Men still dominate at roughly a 2:1 ratio. Statistical time series analysis confirms female representation was improving at +3.2 percentage points/year (p = 0.033) even before #MeToo, showing Wikipedia responds to cultural pressure. The female share rose quickly during the #MeToo era (2017–2019), when women's stories were culturally prioritized, but then plateaued in the 2020–2025 period despite high-profile milestones like Kamala Harris becoming the first female, Black, and South Asian U.S. Vice President.
Changepoint detection algorithms independently identified 2017 and 2023 as structural breaks in the data—mathematical confirmation that these aren't just narratives but detectable shifts in Wikipedia's coverage patterns. This matches the broader shift from peak feminist visibility to anti-"woke" backlash and attacks on DEI after 2020. Wikipedia is following cultural pressure, not leading it.
A common defense of gender gaps claims they'll naturally close as younger, more gender-balanced cohorts enter the historical record. Analysis of 715,000 biographies with birth year data definitively disproves this hypothesis:
- People born in the 1990s-2000s (who came of age during #MeToo): 47.4 pp gender gap
- People born in the 1970s-1980s (their parents' generation): 47.2 pp gender gap
- The gap is statistically unchanged across 40 years of birth cohorts
This proves bias is ongoing, not historical. Generational replacement won't fix the problem because each new cohort replicates the same 47pp male advantage. The issue is current editorial decisions, not just inherited from the past.

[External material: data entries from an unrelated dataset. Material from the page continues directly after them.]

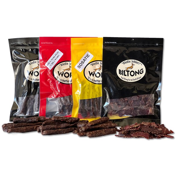 - This 4-Pack Sampler includes authentic South African Biltong, Droewors, Sosatie Droewors, and Spicy Peri-Peri Chili Droewors!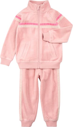 Enrich baby's style with this retro-inspired velour track suit that's supersoft and effortlessly cool.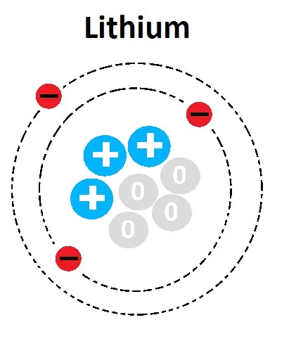 The atomic number is equal to the number of protons. The image of the nucleus contains 3 positively charged protons (+).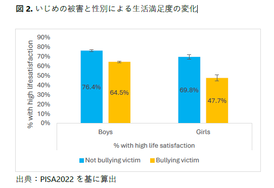 - 男の子の方がいじめの影響を受けやすいですが、女の子の生活満足度へのいじめの影響はより顕著です(図2)。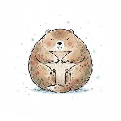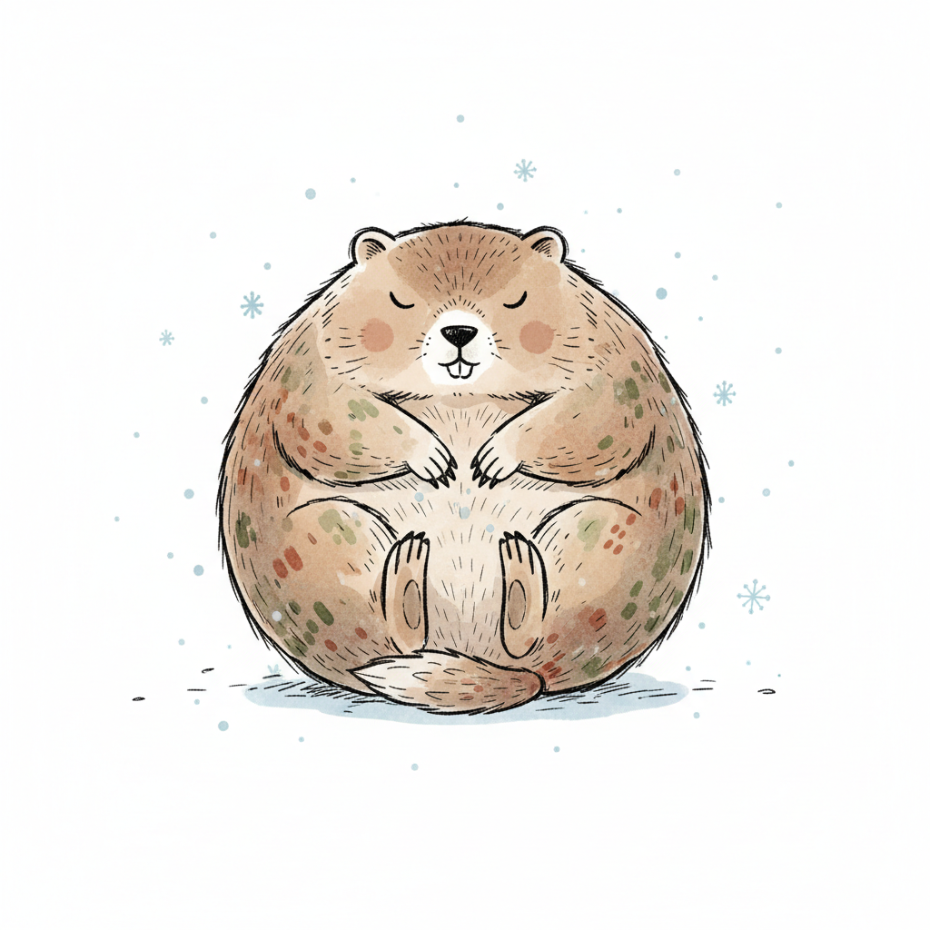 Niedliches, rundes Murmeltier sitzt friedlich mit geschlossenen Augen im Schnee.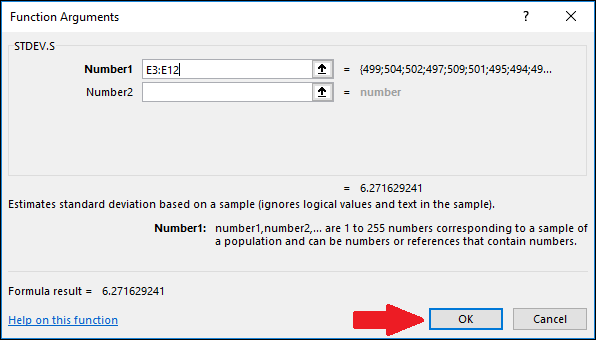 در این فرمول از تابع STDEV.S استفاده شده است: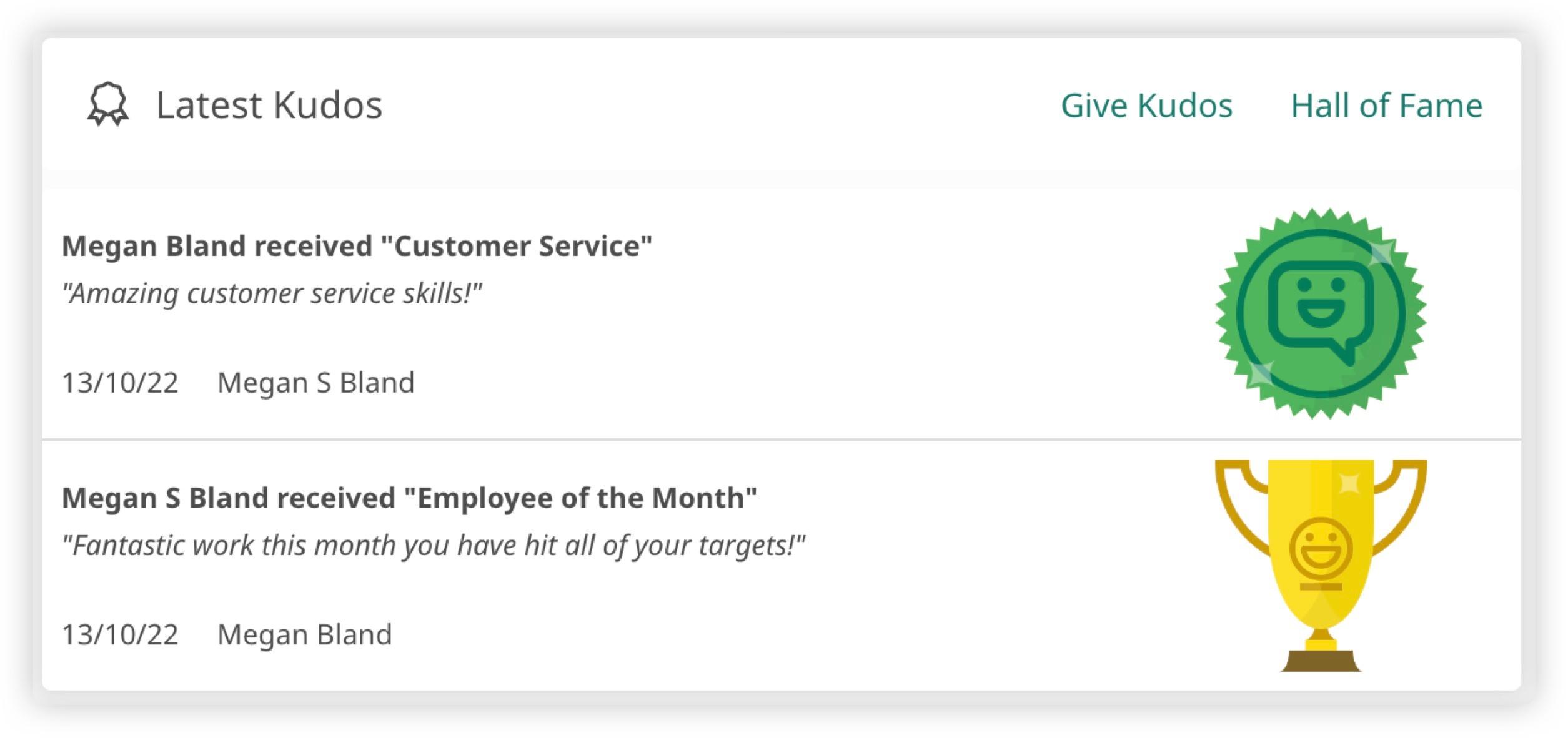 Kudos are awards and encouragements that can be handed out by a member of staff to another member of staff in the same location. The Kudos component on the home page shows the most recent awards handed out within your organisation. They will only display once the recipient has opened a Kudos.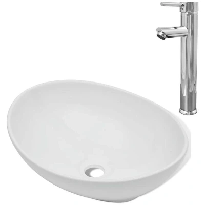 vidaXL Bathroom Basin with Mixer Tap Ceramic Oval White

Four fields (Sports, Arts & Culture, Politics & Law, and STEM & Academia) make up ~98% of biographies and have for a decade. That narrow focus effectively defines who is "notable." Within those fields, the gender deltas are huge:
- Military: ~95% male (+91 pp) — effectively frozen at +0.05 pp/year
- Sports: ~90% male (+82 pp)
- Politics & Law: ~75% male (+51 pp) — improving fastest at +1.95 pp/year
- Religion: ~85% male (+71 pp) — completely frozen at +0.00002 pp/year
Trajectory analysis reveals which fields are improving versus frozen: Politics shows measurable progress (likely due to 2018-2020 electoral cycles with record women candidates), while Religion and Military show virtually zero movement. This proves change is possible when cultural attention focuses on specific domains, but passive "more articles" growth won't fix representation without targeted intervention.
Europe and North America together make up ~60% of biographies. Asia holds only ~25% of biographies despite being ~60% of the world's population, and Africa sits in the single digits. Location Quotient (LQ) analysis provides precise statistical measures:
Most Over-represented (2025):
- Oceania: LQ = 5.55 (5.5× over-represented relative to population)
- Europe: LQ = 3.97 (4.0× over-represented)
- North America: LQ = 2.81 (2.8× over-represented)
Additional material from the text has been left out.